From the world's smallest working fuel cell created by chemical engineers in the US, it may be possible to have eco-friendly and portable gadgets in the future.
At just 3 millimetres across, future versions of the tiny hydrogen-fuelled power pack will be able to store more energy than batteries and that too in the same space.
AdvertisementStill, it's easier to make batteries at the small scale than the pumps and control electronics of a fuel cell.
In fact, small pumps tend to utilise more energy than they generate.
"It's not practical to make a pump, a pressure sensor, and the electronics to control the system in such a small volume.

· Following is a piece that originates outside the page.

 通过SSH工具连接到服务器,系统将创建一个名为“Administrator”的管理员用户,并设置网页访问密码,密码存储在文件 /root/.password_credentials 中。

Even if they are magically made at that scale, their power consumption would probably exceed the power generated," New Scientist quoted Saeed Moghaddam at the University of Illinois at Urbana-Champaign as saying.
Thus, the researchers have now come up with a design for a tiny fuel cell that generates power without consuming it.

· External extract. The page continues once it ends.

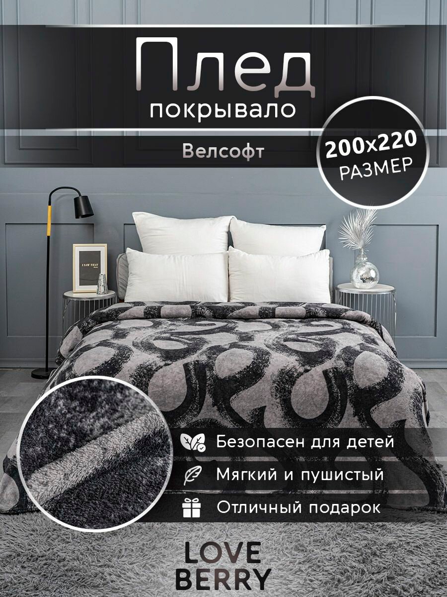 Купить Плед и покрывало 200х 220 LOVEBERRY на кровать, для пикника, Евро, из велсофта

The new device is made up of just four components.
While a thin membrane separates a water reservoir above from a chamber containing metal hydride below, an assembly of electrodes lies beneath the metal hydride chamber.
The membrane has tiny holes that allow the water molecules to reach the adjacent chamber as vapour, which after reaching there reacts with the metal hydride to form hydrogen.

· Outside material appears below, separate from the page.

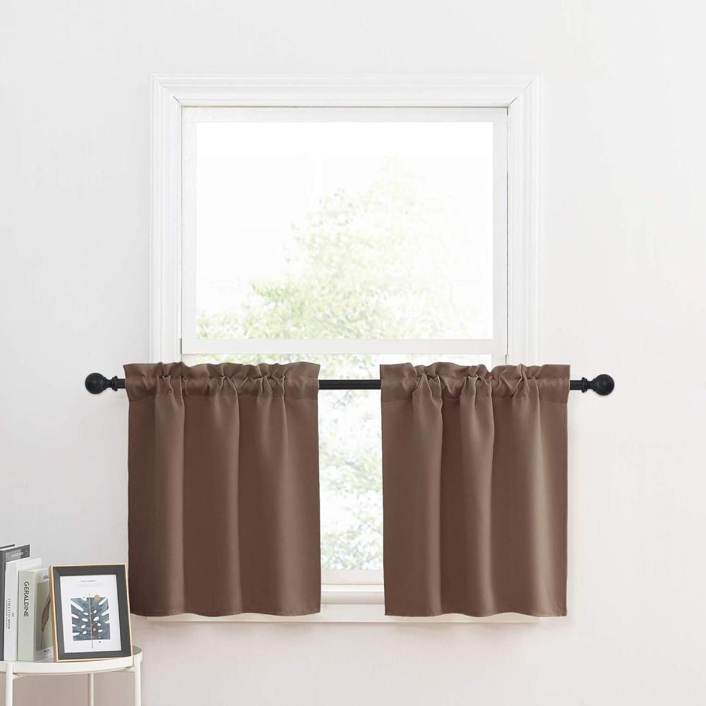 imageNICETOWN Half Window Curtains  Thermal Insulated Rod Pocket Blackout Curtain Tiers for Kids Nursery Kitchen Dining Bathroom Laundry 34 inch Wide x 36 inch Long Greyish White 1 PairCappuccino

The hydrogen fills the chamber, pushing the membrane upwards and blocking the flow of water.
However, the hydrogen is gradually depleted by reacting at the electrodes beneath the chamber to create a flow of electricity.
As soon as the hydrogen pressure drops, it makes space for more water to enter and continue the reaction.
As the device is just 3 mm by 3 mm by 1 mm, it is the surface tension instead of gravity that controls the flow of water through the system.
Thus, the cell operates even if moved and rotated, making it ideal to power a pocket gadget.
According to Moghaddam, the latest designs give currents of around 1 milliamp at a similar voltage, which although is not enough to drive cellphones, but can power simpler electronic systems or microrobots.